U.S. to China: We Hacked Your Internet Gear We Told You Not to Hack - kercker
http://www.wired.com/wiredenterprise/2013/12/nsa-cisco-huawei-china/
======
gonvaled

      In the U.S., military espionage is heroic and economic espionage is a crime. In China, the line is not that clear.
    

Let me say this: BULLSHIT, a thousand times.

Who says this? Any of the companies who have been lying to their customers?
Any of the government agencies which have not explained anything about the NSA
activities (not that they would know what is going on)?
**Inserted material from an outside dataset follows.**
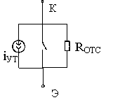 Еще один режим работы транзистора, относящийся к ключевому, носит название режима отсечки. Перевести транзистор в режим отсечки можно приложением между базой и эмиттером обратного напряжения, тем самым «подпирая» диод VD2. В режиме отсечки транзистор можно также заменить разомкнутым ключом, схема замещения которого представлена на рис.3 Транзистор в режиме отсечки имеет близкое к бесконечному сопротивление RОТС и небольшой ток утечки р-n перехода iУТ . В справочных данных для режима отсечки приводятся обратный ток базы iКБО и обратный ток коллектора iКЭО .
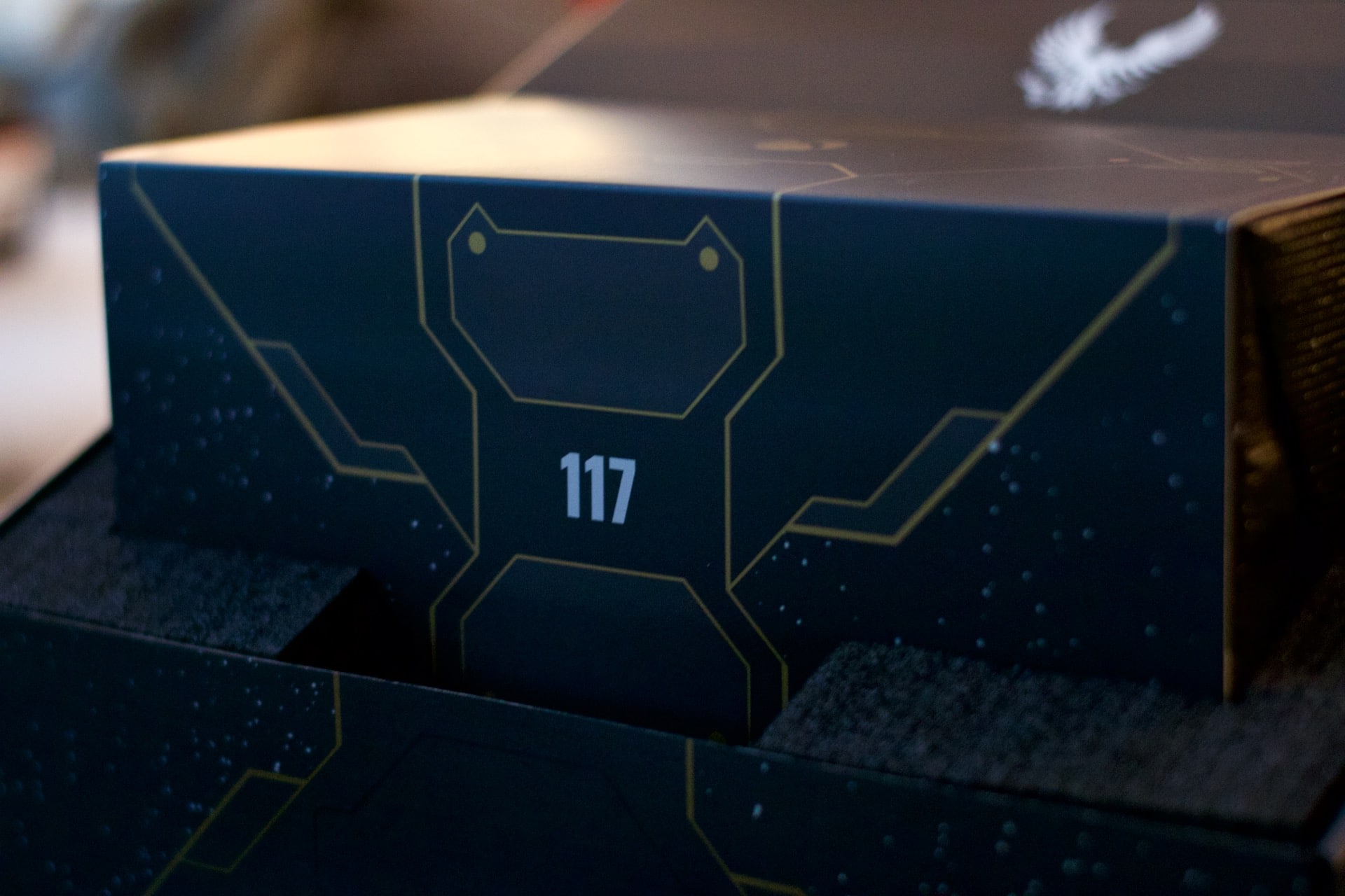 Au niveau de la tranche supérieure de la manette Elite v2, on trouve une plaque métallique « 117 » du Spartan John bien entendu ;)

Any of the officials
caught lying, one and again?

The US will not perform economic espionage as long as the US has a
technological edge (which is probably not anymore the case in lots of areas).

Which brings us to an important observation: OCDE rules forbidding economic
espionage are designed to keep the current technological status quo; any
country is well advised to sign them to be accepted to the club, and
immediately throw the rules to the garbage bin. Because we can be sure that
any country capable of doing economic espionage has been doing it, is doing
it, and will continue to do it, no matter the rules, no matter if they get
caught, no matter the hypocrital public posturing of their leaders.

Those rules, and the whole "Intellectual Property" apparatus, is there for the
suckers to respect them. The US, in particular, has never respected those
rules.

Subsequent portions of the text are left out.